The IRN is currently registering practicing physicians in internal medicine, family practice, general practice, rheumatology, cardiology, endocrinology, psychiatry, oncology and gastroenterology. Special areas of interest include heart failure, antibiotic resistance, autism, Type 2 diabetes and breast cancer.
"As a practicing cardiologist for more than a decade, I anticipate that the IRN will help practicing physicians determine disparities in care, deliver better quality of care and provide safety data beyond clinical trials," said Javed Butler, director of heart failure research for the cardiology division of the Emory University School of Medicine and a member of the IRN advisory board. "In my field, we can improve significantly on prevention aspects of cardiovascular disease and control of risk factors, which will help decrease the risk not only for heart failure but strokes and heart attacks."

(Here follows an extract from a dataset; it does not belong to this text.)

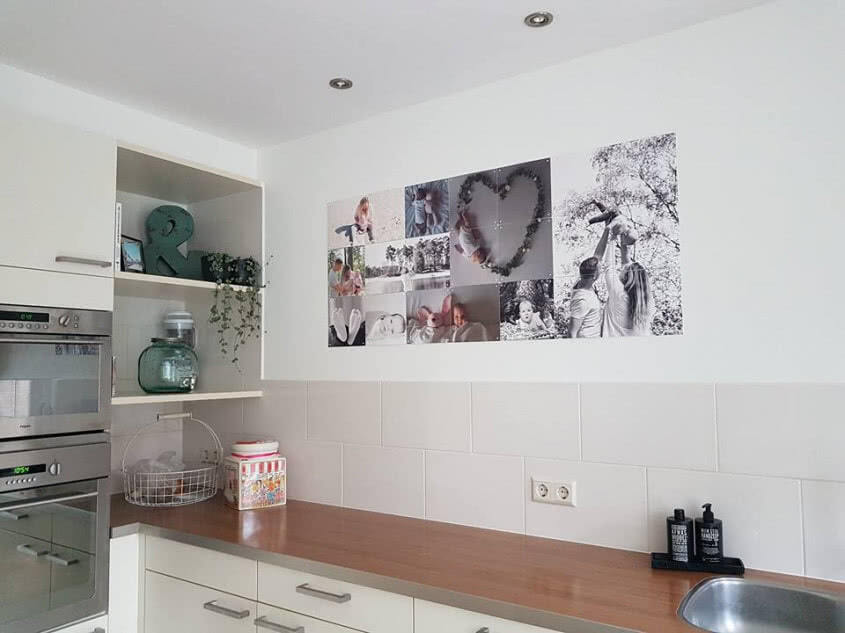 Maar goed… foto’s! Hoe krijg je die op een mooie manier in je woonkamer? Er is een wens voor nog een kindje, dus daar wil ik rekening mee houden. Wil ik verschillende foto’s in een fotolijst, in mijn huis? Nee, dat vind ik te rommelig worden. Daarnaast zijn wij een jong gezin en daar mag ook best wat moderns voor in huis komen. Bij fotolijsten krijg ik toch vaak het beeld van de oude babyfoto van mijzelf bij mijn opa en oma op de kast. Jaar in, jaar uit dezelfde foto. Nee, dat wil ik niet!

HealthCore will work with the IRN to produce registries and studies focusing on product safety and observational and prospective effectiveness research.
"Not only will the IRN serve as the conduit for collecting information, but it will allow physicians to take a more hands-on role in shaping the studies," said Louise Short, IRN medical director for HealthCore. "Ultimately, the information the IRN produces will help healthcare providers personalize medicine for the individual patient and deliver safer, more efficient and higher quality healthcare."
Physicians will be compensated for their involvement in research studies and can work with the IRN on an ongoing basis as subject matter experts advising on the type of data to be collected, recording clinical information and participating in prospective and comparative effectiveness studies.
Officials say when the data collection for a study is complete, the information will be combined with HealthCore's administrative claims information – including medical and pharmacy utilization, eligibility and benefit level information and laboratory results on millions of patients – in order to analyze data and produce study results that can be applied in real-word medical practice.
"It's rare for research to combine administrative claims data with clinical data," said Short. "Yet, when we can integrate both types of data and draw on the clinical practice experience of hundreds of physicians in the IRN to make the data analyses more relevant, it helps us answer challenging medical questions in a way that is more relevant to everyday clinical practice."